Возле подземного перехода возведено временное убежище. Там уже стоит очередь на вход, и я слышу шепоток: «Черчилли здесь». И я понимаю, что с этого момента любое наше решение и действие будет служить примером людям, которые только сейчас осознали, что предупреждения Уинстона за все эти годы были верными.
Уинстон, всегда нетерпеливый, хочет прорваться в передние ряды, словно раньше выйдешь – раньше войдешь. Я хватаю его за руку и удерживаю.

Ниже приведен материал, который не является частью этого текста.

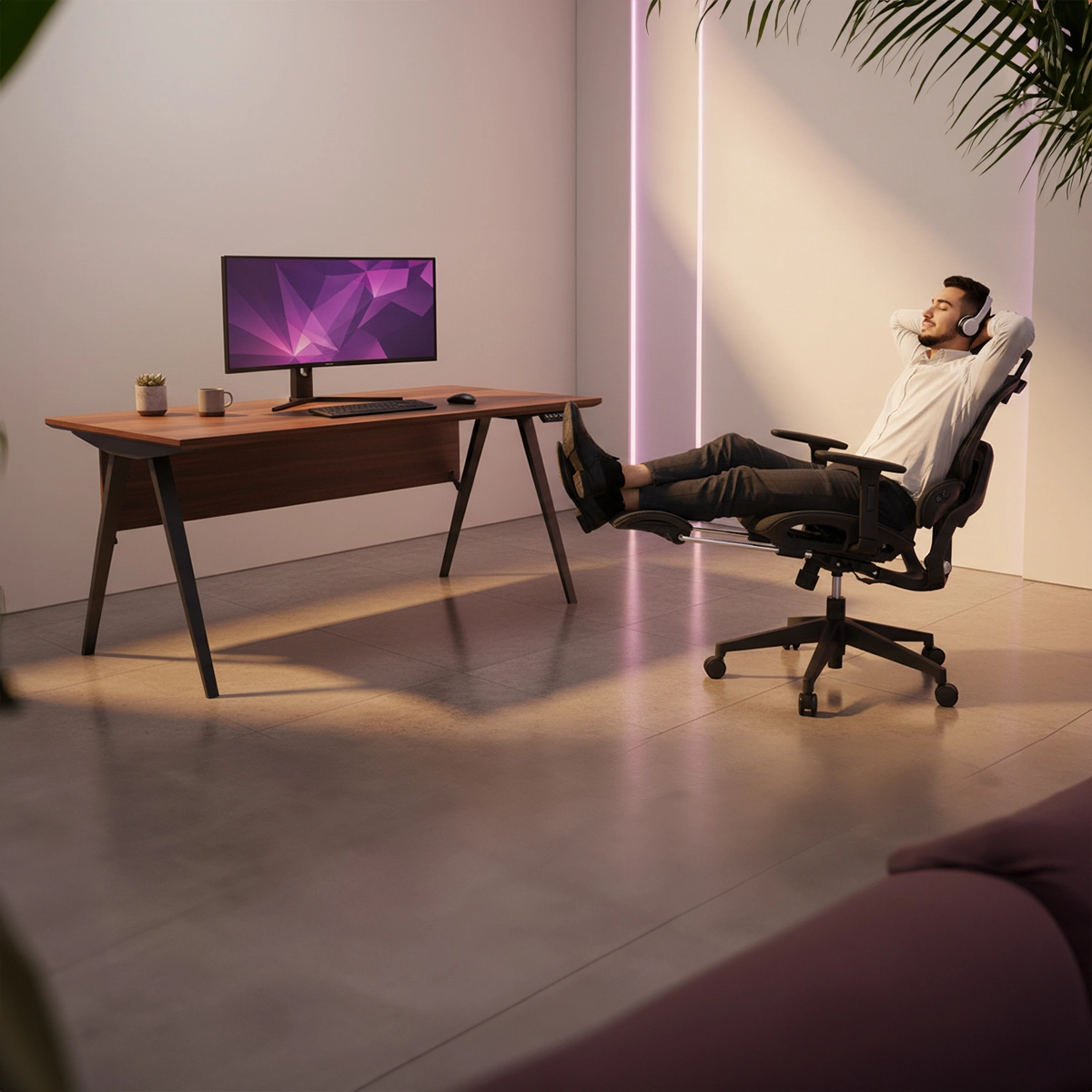 Każdy z nas od czasu do czasu potrzebuje przerwy, rozciągnięcia się i wyprostowania kości. Nikt nie jest w stanie pracować bez przerwy. Dlatego też dbając o Twoje potrzeby, fotel biurowy Spacetronik DORIS 20 został wyposażony w możliwość pochyłu oparcia do 155° i wysuwany podnóżek, który w każdym momencie możesz wysunąć, by rozprostować nogi. Sprawia to, że w każdym momencie dnia i nocy w bardzo łatwy sposób będziesz mógł położyć się w fotelu. Jest to idealne rozwiązanie, by móc chwilę odpocząć, nie opuszczając przy tym swojego stanowiska pracy. Dla niektórych może to również okazać się awaryjną opcją do spania - Pozwól sobie na krótkie drzemki.

– Все смотрят на тебя. Ты должен быть образцом правильного поведения для остальных.
Пристыженный, он ждет, пока не подходит наша очередь войти. Когда мы уже готовы войти в перекрытое аркой пространство, в странный гибрид дома и улицы, набитое разномастным населением Лондона – молодыми матерями и детьми, лавочниками, бакалейщиками, служанками, юристами – человек, который идет перед нами, медлит, затем уходит. Я кричу ему вслед, пока он идет по боковой улочке:
– Сэр, идите внутрь, там безопасно!
– Не думаю, чтобы людям внутри понравилось мое соседство, мэм, – у него сильный немецкий акцент, и я внезапно понимаю его.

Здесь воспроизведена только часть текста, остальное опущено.